Just a couple of weeks ago I wrote here that we should not abandon statistical significance. No, I did not change my mind. We should not abandon statistical significance but we must abandon the p-values.
Executive summary: p-values make a false impression that statistical significance is a continuous concept, but it is not. It is dichotomous.
You are welcome to read on.
I will not get into a lengthy discussion on the difference between Fisher‘s significance testing and Neyman and Pearson‘s hypothesis testing. In short: Fisher had a null hypothesis, a test statistic and a p-value. The decision whether or not to reject the null hypothesis based on the p-value was flexible. Indeed, in one place Fisher suggested to use the 5% threshold for deciding significance, but in other places he used different thresholds.
Neyman and Pearson’s approach is totally different. In their framework there are two hypotheses: the null hypothesis and the alternative hypothesis. The Neyman-Pearson lemma provides as a tool to construct decision rule. Given data, you evaluate the likelihood of these data in two cases: once assuming that the null hypothesis is true, and then assuming that the alternative hypothesis is true. You reject the null hypothesis in favor of the alternative if the ratio of the two likelihoods exceeds a pre-defined threshold. This threshold is determined by the significance level: an acceptable probability of falsely rejecting the null hypothesis (in a frequentist manner), that meets your scientific standards.
When I was a young under-graduate student, we did not have easy access to computers in my university (yes, I am that old). So we calculated the test statistic (Z, t, F, chi-square) and looked in a table similar to this one to see if our test statistic exceeds the threshold.
Fisher was a genius, and so was Karl Pearson. They developed statistical tests such as F and Chi-square based on geometrical considerations. But when you try to construct a test for equality of means as is in ANOVA or a test for independence of two categorical variables by using the NP lemma, you get the same tests. This opened a computational shortcut: The NP decision rule is equivalent to a p-value decision rule. You can decide to reject the null by comparing your test statistic to the value you look up in a table, or by comparing the p-value to your pre-determined significance level. You will get the same result either way. But still, you either reject the null hypothesis or you don’t. The size of the test statistic or the p-value does not matter. There is are such things as “nearly significant”, “almost significant”, “borderline significant” or “very significant”. IF your pre-determined significance level is 0.05, and your p-value is 0.051, that’s really depressing. But if you declare that your result is “almost significant”, it means that you changed your decision rule after the fact.
Let me illustrate it with a story my teacher and mentor, Professor Zvi Gilula, told me once.
Someone robbed a convenience store in the middle of nowhere.

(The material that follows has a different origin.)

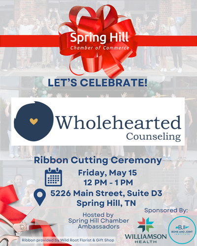 Name: Wholehearted Counseling Ribbon Cutting CeremonyDate: May 15, 2026Time: 12:00 PM - 1:00 PM CDTRegistration: Register NowEvent Description:The Spring Hill Chamber is excited to celebrate Wholehearted Counseling with an official ribbon cutting!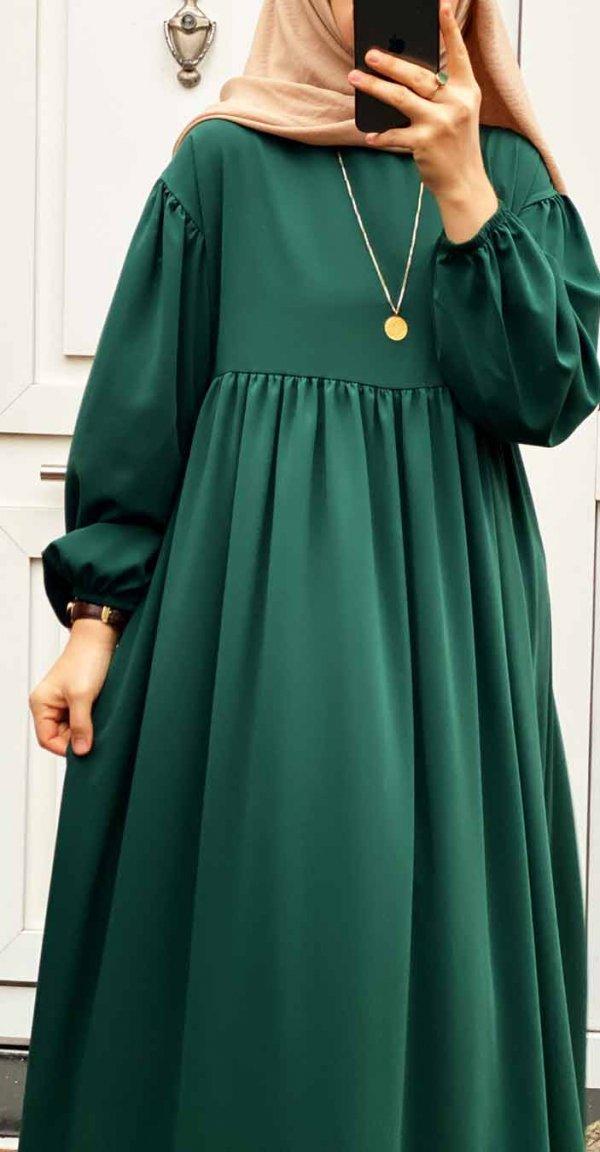 Fırfırlı Düğme Detay Elbise - Zümrüt

The police caught him and brought him to court. There were three eye witnesses, and a video from the security camera. The jury found him guilty and he was sentenced to serve 6 months in jail. In statistical jargon, the null hypothesis states that the defendant is not guilty, and the jury rejected the null hypothesis.
Let’s look at another robber. This man robbed a convenience store in New York City, next to Yankee Stadium. The robbery occurred when the game just ended, the Yankees won, 47000 happy fans witnessed the robbery, and they all came to testify in court, because the poor robber was a Red Sox fan. The jury found him guilty.
Is the second robber guiltier than the first robber? Is the first robber “almost not guilty” or “borderline guilty”? Is the second robber “very guilty”? What would be the right punishment to the second robber? 10 years? Life imprisonment? Death sentence? Do you think now that if you were in the jury of the first robber you would acquit him?
Here is what we need to do if we really want to improve science: when publishing results, one should provide all the necessary information, such as data, summary statistics, test statistics and more. And then state: “we reject the null hypothesis at the 5% significance level”, or maybe “we do not reject the null hypothesis at the 5% significance level” (or any other reasonable and justified significance level. No p-values. And if someone wants to know if the null hypothesis will be rejected at the 5.01% significance level, they can go and calculate their own p value. P values should be abandoned.